野阪理論、論文考

 (最新見直し2009.5.19日)

 (れんだいこのショートメッセージ1)


 2002.10.26日、2009.5.19日再編集 れんだいこ拝


【野坂の天皇制論】
 中国のOSSを率いたジョン・エマーソンの「回想録」は、野坂と延安で出会った際の、野坂の天皇制論について次のように記している。
 「コミンテルンのテーゼは、共産主義者の綱領の大前提として、天皇制の廃止を要求したが、野坂派その立場を修正して、もし、日本人民が望むならば、天皇の存在を認めることにした。彼は、日本人の大部分が天皇に対して、簡単に消えない愛情と尊敬を抱いていると考えていた。そこで彼は天皇制打倒という戦前の共産党のスローガンを慎重に避けて、平和回復後の皇室に関する決定に就いては、用心深く取り組む道を選んだ。しかし、同時に天皇は戦争責任を負って退位すべきであると主張した」(ジョン・エマーソン、「嵐の中の外交」、「エマーソン回想録」、宮地健次郎訳、1979年)。
 概要「天皇の封建的専制的独裁政治機構の首長としての天皇と、もう一つの天皇、即ち『現人神』、宗教的な役割を演じてきた天皇とに分けた。人民大衆が天皇の存在を要求するならば、これに対して、我々は譲歩しなければならぬ。それ故に、天皇制存続は、戦後、一般人民投票によって決定されるべきことを私は一個の要求として提出するものである」。
(私論.私見) 野坂の「天皇制残置知論」について


 野坂の「天皇制残置知論」は、ジョン・エマーソンの意向を挺したものか、野坂のオリジナルなものかは分からない。云える事は、野坂が表明した「天皇制残置知論」をエマーソン下敷きにして「延安報告」を記し、これがОSS提案として国務省内の政策決定機関である極東小委員会で検討され、親委員会の極東委員会(SWNCC)に於いて若干修正されたうえで正式の政策となった。この政策がマッカーサー率いるGHQに送られ、象徴天皇制が生み出されることになった、ということである。

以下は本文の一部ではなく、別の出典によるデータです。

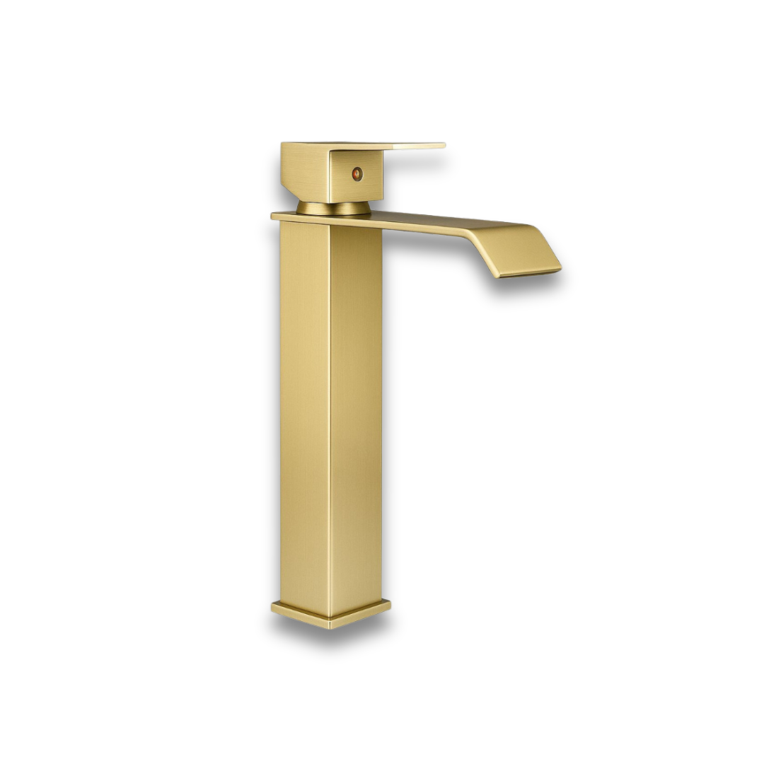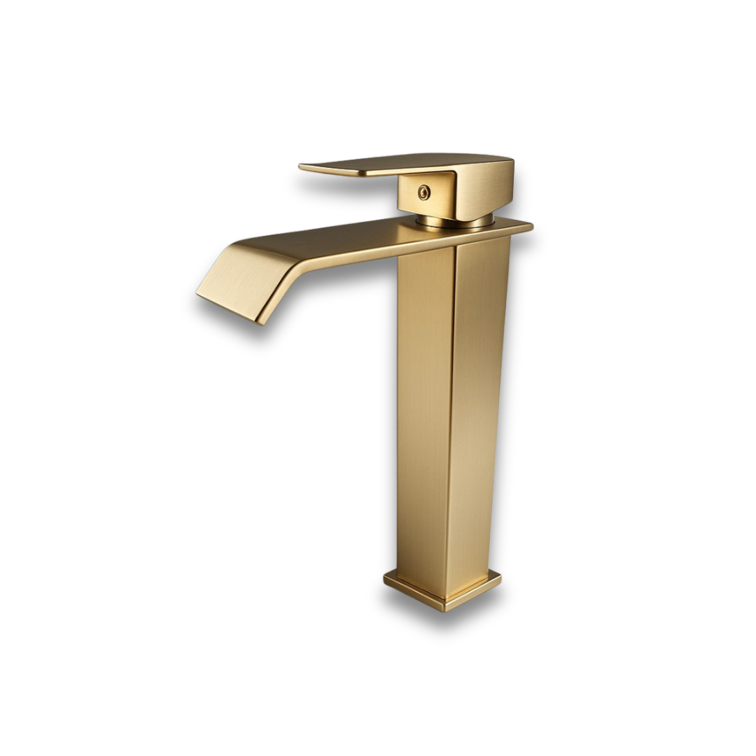 Grifería Oro Cepillado Alta | Monocontrol de Lujo para Lavamanos

 野坂の「天皇制残置知論」の是非論議に興味があるが、ここでは問わない。問うのは、野坂がОSS要員ないしは協力者であったのではないのか、ということである。れんだいこは然りと推定している。ちなみに、エマーソンの「日本軍国主義者に対する心理作戦」は次のように記している。これは国務省に提出されたものである。

 概要「日本では、法と秩序を立て直すためには、全ての勢力が協力することが重要である。我々は戦後出現するであろう占領協力者、ないし『穏健派』のみに依存すべきではない。共産主義者野坂参三を戦後改革に協力させるべきである」。